Anne Brunner, co-autrice du rapport sur la pauvreté en France 2020-2021 et directrice d’études à l’Observatoire des inégalités.

Anne Brunner

Comment évolue la pauvreté en France ?

5, 3 millions de personnes vivent sous le seuil de pauvreté en France en 2018. Cela représente 8,3 % de la population. C’est-à-dire que ces personnes touchent moins de la moitié du revenu médian, soit 885 € par mois toutes ressources comprises. Certains touchant encore bien moins. Cette pauvreté s’est particulièrement étendue entre 2002 et 2012 avec une hausse de plus de 1 million de personnes, puis une hausse de 350 000 personnes les cinq dernières années.

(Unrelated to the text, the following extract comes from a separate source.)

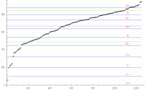 there should be around 40 percent A and A-, the average should be in the B+ range

En cause, la précarisation du travail, avec des salariés qui passent une partie de l’année au chômage et avec des revenus plus faibles et insuffisants. S’y ajoutent des effets sociétaux, comme la situation des familles monoparentales qui sont plus exposées à la pauvreté.

Cette pauvreté touche-t-elle plus particulièrement les jeunes ?

Même si la pauvreté touche toutes les tranches d’âge, celle des 18-29 ans est, en effet, la plus exposée avec un million de jeunes adultes concernés. C’est chez eux que la pauvreté s’est le plus étendue. La moitié des 15-24 ans qui travaillent ont un contrat précaire. Le niveau de diplôme constitue la principale fracture. Une précarité d’autant plus grave qu’avant 25 ans, les jeunes adultes n’ont pas droit au RSA. Sachant toutefois que les données de l’INSEE utilisées invisibilisent en partie la pauvreté des étudiants et de jeunes sortis des études mais qui n’ont pas les moyens de quitter le domicile de leurs parents.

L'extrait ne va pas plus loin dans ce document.